Ateam of researchers discovered a genetic mutation in a non-coding region of DNA that changes thyroid regulation, resulting in a rare type of congenital thyroid abnormality.
Findings of the researchers from the University of Chicago, in collaboration with the Free University of Brussels and the University of Washington published in Nature Genetics. The journal also published a News & Views piece on the discovery.
One in every 2,000 newborns has a lack or diminished thyroid hormone at birth, which can cause irreparable mental and development damage if left untreated. Thyroid stimulating hormone (TSH), produced by the pituitary gland, regulates the production of thyroid hormone. When thyroid hormone levels fall, TSH levels rise. As a result, TSH is commonly used to screen babies for thyroid hormone insufficiency, allowing for early treatment and prevention of the devastating effects.
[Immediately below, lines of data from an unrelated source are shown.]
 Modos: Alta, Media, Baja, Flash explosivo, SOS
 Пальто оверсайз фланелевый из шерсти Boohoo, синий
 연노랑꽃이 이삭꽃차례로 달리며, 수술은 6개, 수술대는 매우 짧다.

However, since the institution of TSH based screening in the early 1980s, instances of high TSH in the presence of normal thyroid hormone levels have been encountered. Individuals with this condition are said to have resistance to TSH or RTSH, but do not always have complications because of it.
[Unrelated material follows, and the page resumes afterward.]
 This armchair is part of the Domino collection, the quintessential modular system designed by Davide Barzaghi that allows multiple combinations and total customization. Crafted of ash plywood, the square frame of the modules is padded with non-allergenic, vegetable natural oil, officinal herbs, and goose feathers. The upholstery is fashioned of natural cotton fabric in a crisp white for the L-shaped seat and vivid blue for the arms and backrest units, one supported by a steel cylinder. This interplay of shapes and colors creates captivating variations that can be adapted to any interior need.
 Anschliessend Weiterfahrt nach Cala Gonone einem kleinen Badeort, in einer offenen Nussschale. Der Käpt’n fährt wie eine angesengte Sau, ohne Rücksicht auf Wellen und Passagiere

RTSH has both a recessively inherited form and a dominantly inherited form. Prior research has uncovered the genetics behind the recessively inherited form. This current research identifies for the first time the genetics of the dominantly inherited form.
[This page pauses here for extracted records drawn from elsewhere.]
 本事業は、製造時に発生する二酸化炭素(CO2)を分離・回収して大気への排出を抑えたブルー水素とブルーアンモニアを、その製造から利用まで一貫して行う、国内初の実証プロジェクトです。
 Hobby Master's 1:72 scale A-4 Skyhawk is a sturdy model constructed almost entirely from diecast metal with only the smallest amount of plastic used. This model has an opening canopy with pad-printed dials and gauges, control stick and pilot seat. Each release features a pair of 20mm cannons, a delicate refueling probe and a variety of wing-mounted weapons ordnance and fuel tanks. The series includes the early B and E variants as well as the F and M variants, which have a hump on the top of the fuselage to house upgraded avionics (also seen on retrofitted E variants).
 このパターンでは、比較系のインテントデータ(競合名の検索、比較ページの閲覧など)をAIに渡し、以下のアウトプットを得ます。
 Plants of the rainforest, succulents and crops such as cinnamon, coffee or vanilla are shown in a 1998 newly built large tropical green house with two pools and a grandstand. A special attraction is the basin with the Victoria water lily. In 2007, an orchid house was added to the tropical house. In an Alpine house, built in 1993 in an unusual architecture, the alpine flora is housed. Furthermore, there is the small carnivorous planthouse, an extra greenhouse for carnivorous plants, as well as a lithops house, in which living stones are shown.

“This finding identifies a new physiologic mechanism for control or regulation of the thyroid,” said Samuel Refetoff, MD, Professor Emeritus in the Departments of Medicine, Pediatrics and Committee on Genetics, and corresponding author of the paper. “Once we have unraveled how this particular mechanism works, we will be able to add new knowledge about how the thyroid functions.”
The identification of this genetic mutation is a culmination of twenty-five years of work involving multiple laboratories around the world. Refetoff was on sabbatical leave in the laboratory of Professor and Co-author Gilbert Vassart of the Free University of Brussels when the first family with the dominantly inherited form of RTSH was identified in 1998. Four more families with the condition were found and information about them published in 2005.
The researchers then explored potential candidate genes for the condition. Co-author Helmut Grasberger, then a post doc in Refetoff’s lab and now a research assistant professor at the University of Michigan, was able to link it to an area on chromosome 15, a large piece of DNA with around 40 genes. But technology hindered the ability of the team to take their findings further until recently.